Occupy Wall Street & the Economic Crisis + Capitalism Hits the Fan
First Program: Occupy Wall Street & the Economic Crisis
By any standard, 2011 was a historic year of protest and revolution. In Tunisia and Egypt seemingly invulnerable regimes were toppled. In Wisconsin, citizens outraged over attacks on public workers, stayed at the state capitol building and camped and marched in the freezing cold. In August, more than 1,000 demonstrators were arrested protesting the Keystone XL tar sands pipeline, in the largest act of civil disobedience in decades. As a result of popular pressure, the project has been put on hold. Then, on September 17, in the heart of economic power, the Occupy Wall Street movement was born. Since then, it has spread and taken different shapes and forms. OWS has changed our vocabulary. 1% and 99% have entered the conversation and the focus is on the deep political, economic and social inequality in the U.S. and around the world. Interviewed by David Barsamian.

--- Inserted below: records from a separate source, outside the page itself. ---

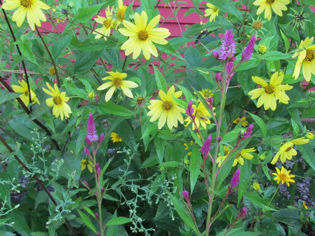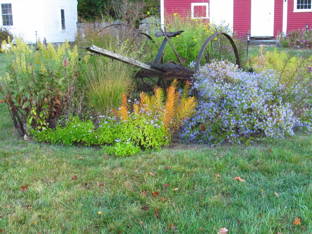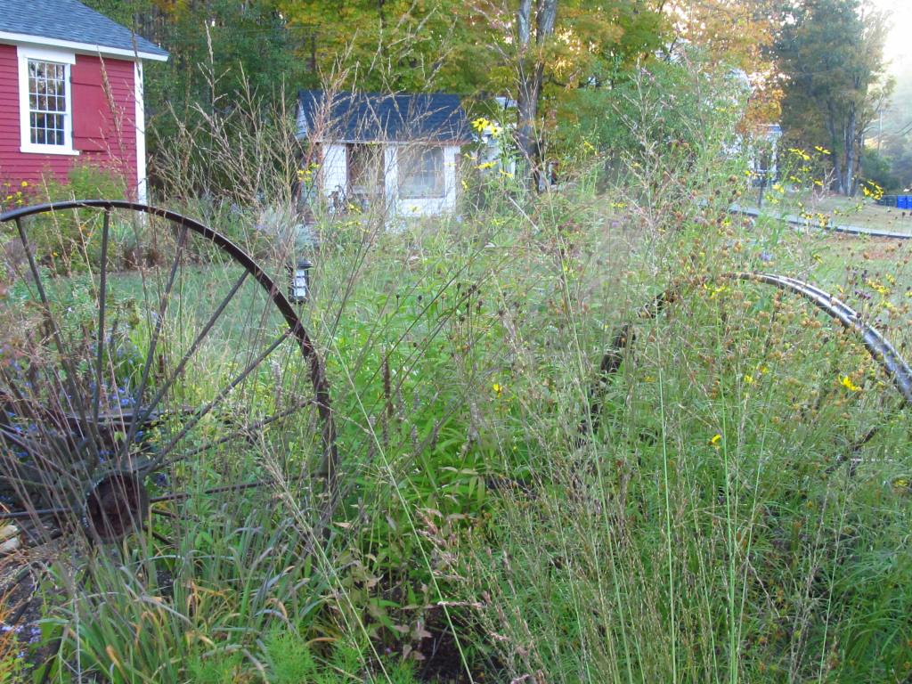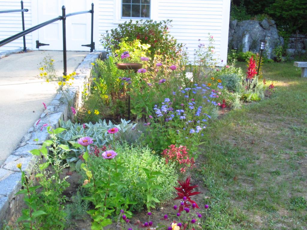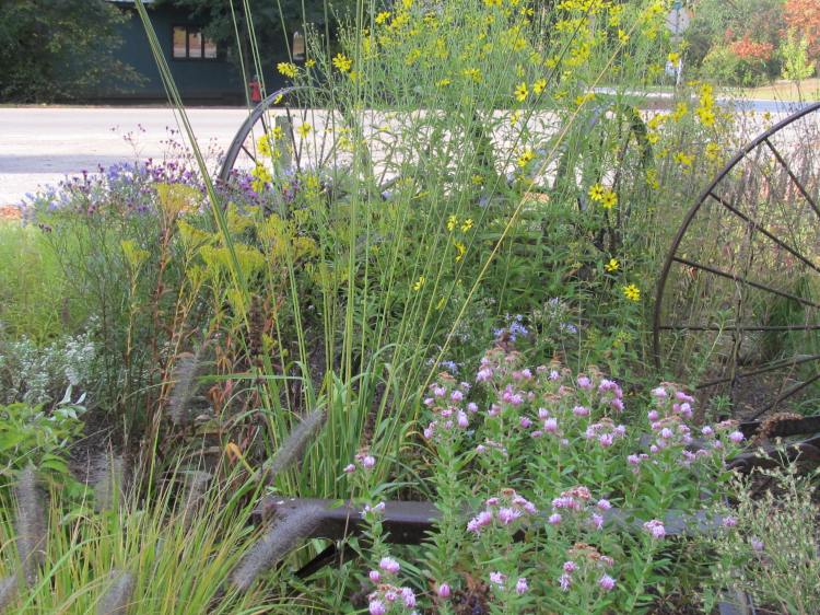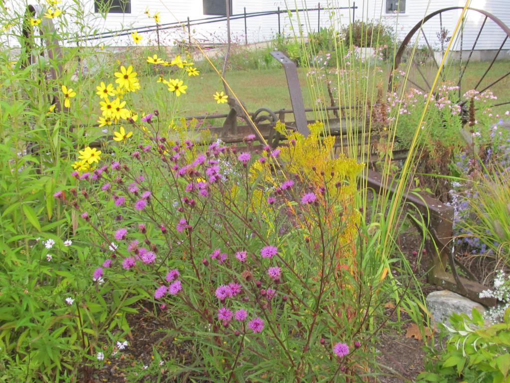 I planted all perennials in the Meadow Garden, but did include some non-native grasses. Despite the heat and drought it was watered only a handful of times. It bloomed in late summer and included goldenrods, asters, ironweeds, and the showy butterscotch fall leaves of the spring blooming amsonias. This garden bed is only three years old, but it has filled in so fully that I will need to divide many of the plants. Some of the divisions will be going to the Baker Free Library in Bow NH, which is renovating its pollinator gardens.
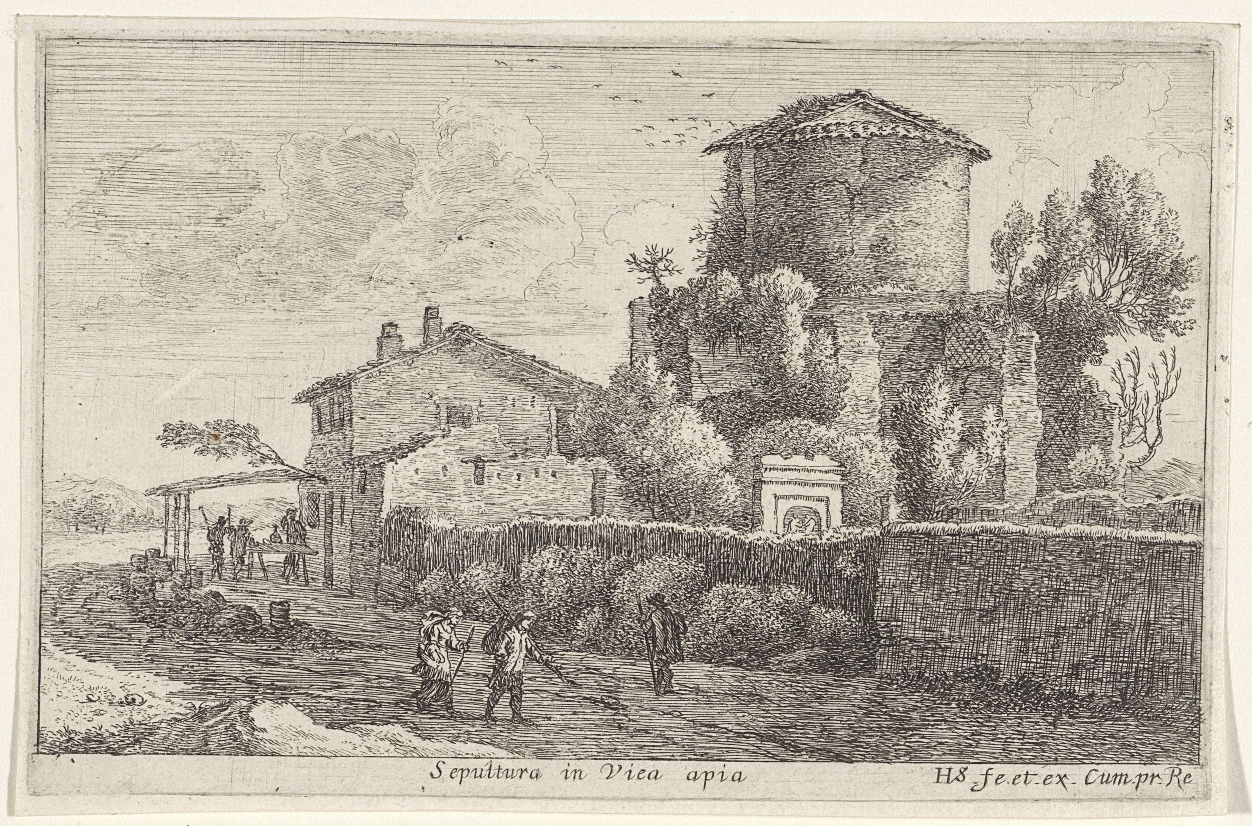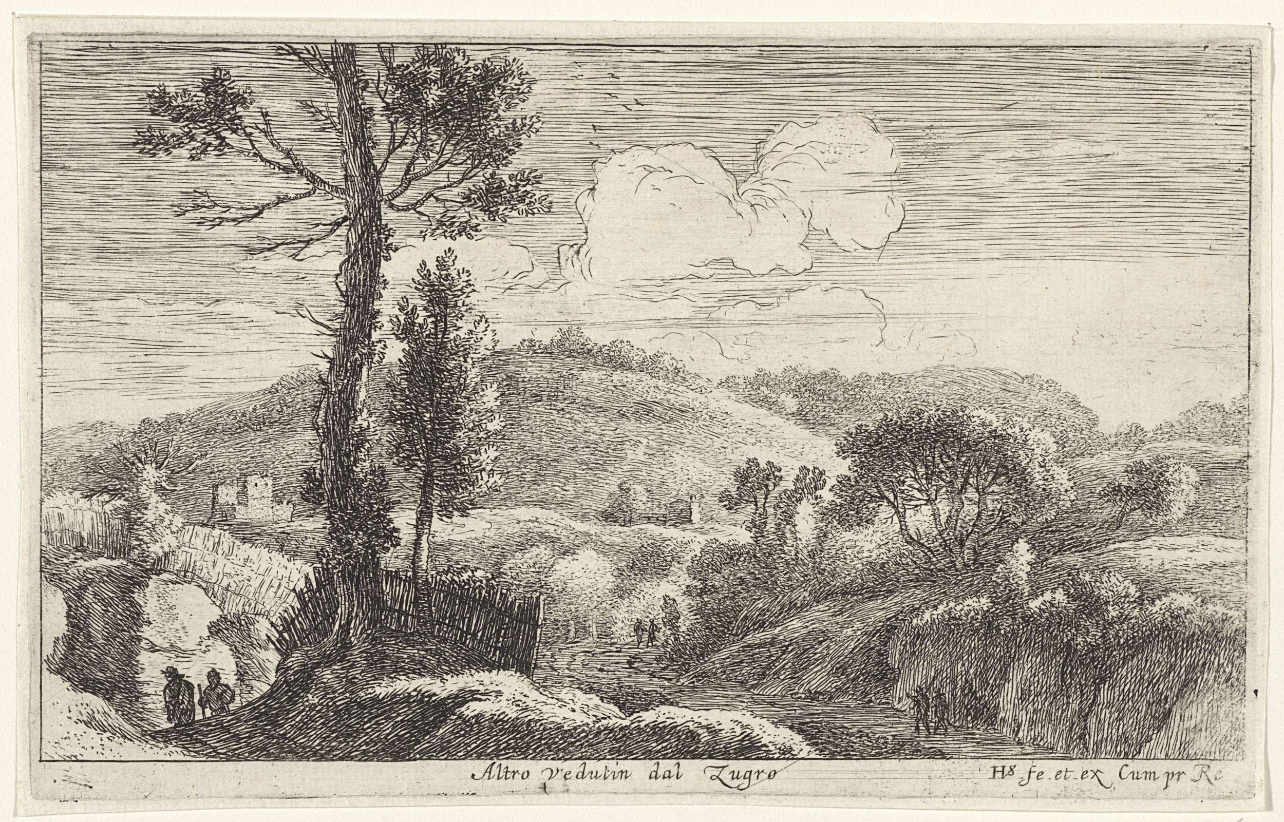 Landschap met drie wandelaars
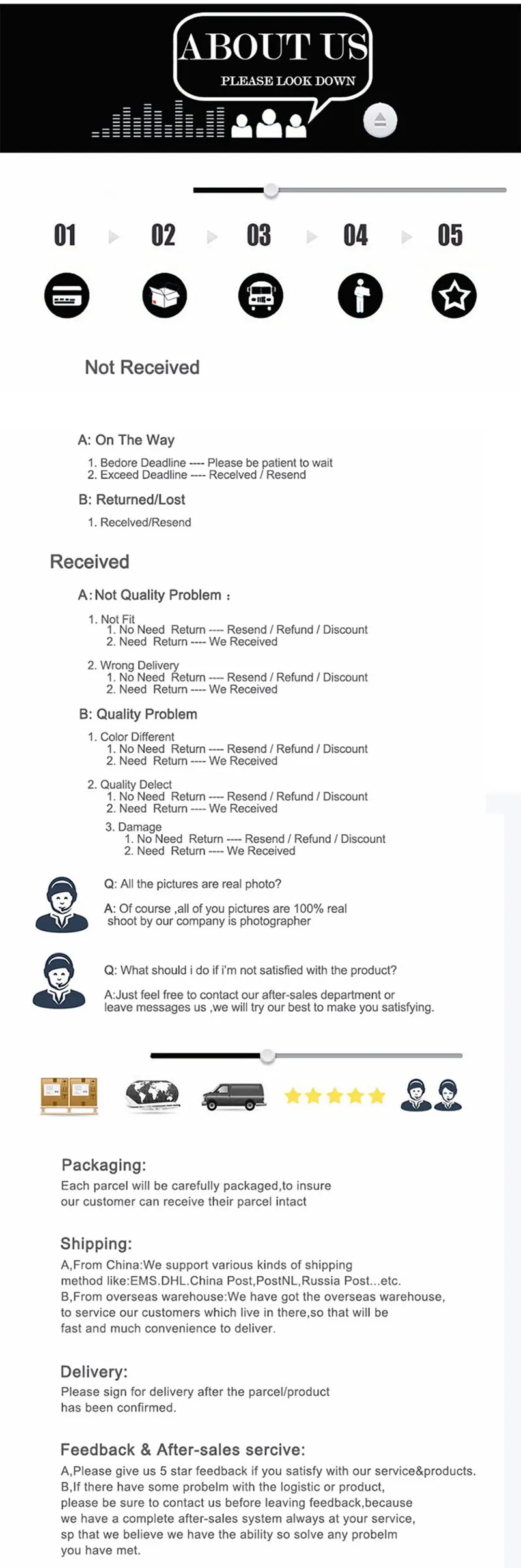 • If you did not receive the product within the guaranteed time( 45 days not including 2-5 day processing) you can request a refund or a reshipment.
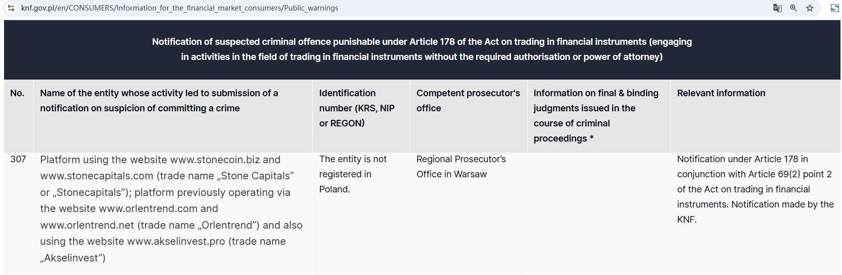 platform gamit ang website www.stonecoin.biz at www. Stonecapitals .com (pangalan ng kalakalan "mga kabisera ng bato" o " Stonecapitals ”); platform na dati nang tumatakbo sa pamamagitan ng website na www.orlentrend.com at www.orlentrend.net (trade name „orlentrend”) at ginagamit din ang website na www. AKSELINVEST .pro (pangalan ng kalakalan „ AKSELINVEST ”) ang entity ay hindi nakarehistro sa poland. regional prosecutor's office sa warsaw notification sa ilalim ng artikulo 178 kasabay ng artikulo 69(2) point 2 ng batas sa pangangalakal ng mga instrumentong pinansyal. abiso na ginawa ng knf. .
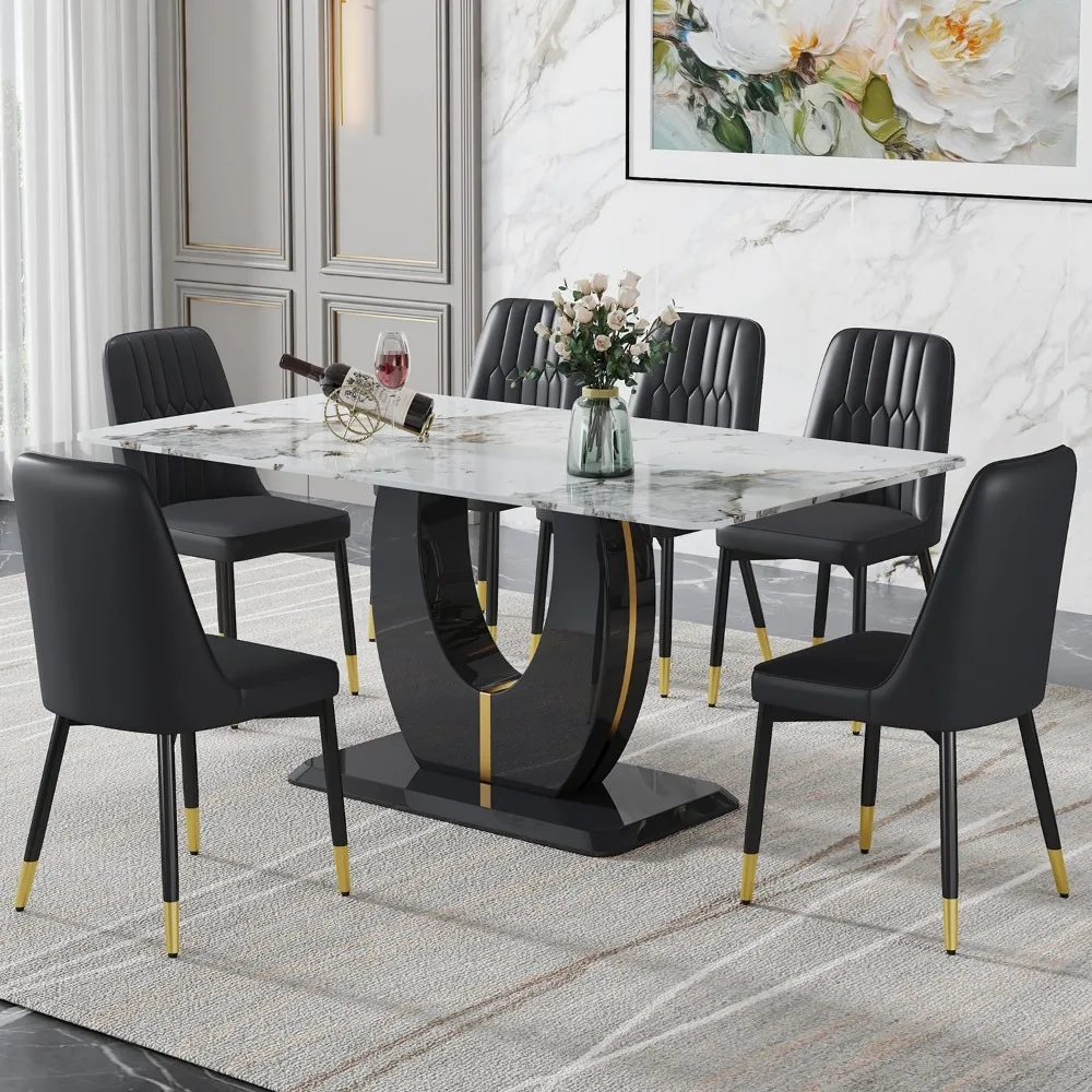 White Marble Dining Table Set for 6: Glass Top, Black PU Leather Upholstered Chairs

Second Program: Capitalism Hits the Fan
Like that well known substance, Capitalism has hit the fan. The statistics are numbing and do not convey the suffering and trauma citizens are enduring. Gone up in smoke are their savings, pensions, homes and jobs. Poverty is at record levels. For too many, dreams and hopes are shattered. And like the Howard Beale character in the movie Network, people are yelling, "I'm as mad as hell and I'm not going to take this anymore." Occupy Wall Street has gone global. People are in the streets pushing back and saying, Enough. "We are the 99%." There is widespread recognition that the economic crash is not just the result of greed and arrogance and lax regulation. There are deeper structural problems with a system that always prioritizes profits over people. The question is what should replace it?